__DATA LISTING__.
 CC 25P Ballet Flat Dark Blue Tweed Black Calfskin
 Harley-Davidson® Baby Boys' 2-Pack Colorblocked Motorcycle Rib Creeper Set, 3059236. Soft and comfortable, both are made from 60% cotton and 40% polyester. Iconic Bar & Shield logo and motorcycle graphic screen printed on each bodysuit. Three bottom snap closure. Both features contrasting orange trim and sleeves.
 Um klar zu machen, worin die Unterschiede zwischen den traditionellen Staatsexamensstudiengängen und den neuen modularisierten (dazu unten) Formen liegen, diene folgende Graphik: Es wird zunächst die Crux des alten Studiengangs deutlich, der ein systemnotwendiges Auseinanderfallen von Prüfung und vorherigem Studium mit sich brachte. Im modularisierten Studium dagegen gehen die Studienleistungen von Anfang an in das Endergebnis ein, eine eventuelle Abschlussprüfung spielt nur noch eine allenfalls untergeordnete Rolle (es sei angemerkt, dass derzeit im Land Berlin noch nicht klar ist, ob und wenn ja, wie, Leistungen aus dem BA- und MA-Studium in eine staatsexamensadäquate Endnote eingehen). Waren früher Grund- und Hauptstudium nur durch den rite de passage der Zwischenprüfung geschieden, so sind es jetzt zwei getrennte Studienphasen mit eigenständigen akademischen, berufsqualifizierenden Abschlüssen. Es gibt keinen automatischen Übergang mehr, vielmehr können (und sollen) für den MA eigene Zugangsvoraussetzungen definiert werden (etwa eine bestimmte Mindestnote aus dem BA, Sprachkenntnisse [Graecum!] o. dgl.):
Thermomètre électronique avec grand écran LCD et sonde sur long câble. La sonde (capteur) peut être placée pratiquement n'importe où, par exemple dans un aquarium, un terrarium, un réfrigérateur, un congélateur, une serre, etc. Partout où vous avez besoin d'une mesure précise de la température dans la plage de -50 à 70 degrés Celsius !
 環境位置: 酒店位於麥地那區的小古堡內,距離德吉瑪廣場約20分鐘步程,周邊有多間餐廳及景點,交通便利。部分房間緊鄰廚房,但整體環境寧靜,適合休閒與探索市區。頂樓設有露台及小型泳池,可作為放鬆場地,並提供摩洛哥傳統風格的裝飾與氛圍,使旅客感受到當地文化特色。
--
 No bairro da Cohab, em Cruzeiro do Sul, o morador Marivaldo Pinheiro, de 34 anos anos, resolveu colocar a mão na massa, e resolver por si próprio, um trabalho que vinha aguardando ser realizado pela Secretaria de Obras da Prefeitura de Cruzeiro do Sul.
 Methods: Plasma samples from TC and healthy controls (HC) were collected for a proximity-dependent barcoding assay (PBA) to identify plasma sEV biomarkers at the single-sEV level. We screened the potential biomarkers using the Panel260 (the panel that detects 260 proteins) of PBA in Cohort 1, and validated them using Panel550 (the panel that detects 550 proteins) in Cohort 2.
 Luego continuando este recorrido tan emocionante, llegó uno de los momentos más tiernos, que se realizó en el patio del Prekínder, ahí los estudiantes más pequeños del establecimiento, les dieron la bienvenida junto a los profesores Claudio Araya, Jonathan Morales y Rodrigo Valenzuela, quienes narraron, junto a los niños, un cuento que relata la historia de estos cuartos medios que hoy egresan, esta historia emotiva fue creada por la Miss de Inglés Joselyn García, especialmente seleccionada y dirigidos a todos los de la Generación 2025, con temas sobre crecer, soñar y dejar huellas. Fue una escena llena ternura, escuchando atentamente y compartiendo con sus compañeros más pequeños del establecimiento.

__TASK REQUIREMENTS__. Each line in the entries above that includes the string "from" should be extracted.

__YOUR RESPONSE__.
 Harley-Davidson® Baby Boys' 2-Pack Colorblocked Motorcycle Rib Creeper Set, 3059236. Soft and comfortable, both are made from 60% cotton and 40% polyester. Iconic Bar & Shield logo and motorcycle graphic screen printed on each bodysuit. Three bottom snap closure. Both features contrasting orange trim and sleeves.
 Methods: Plasma samples from TC and healthy controls (HC) were collected for a proximity-dependent barcoding assay (PBA) to identify plasma sEV biomarkers at the single-sEV level. We screened the potential biomarkers using the Panel260 (the panel that detects 260 proteins) of PBA in Cohort 1, and validated them using Panel550 (the panel that detects 550 proteins) in Cohort 2.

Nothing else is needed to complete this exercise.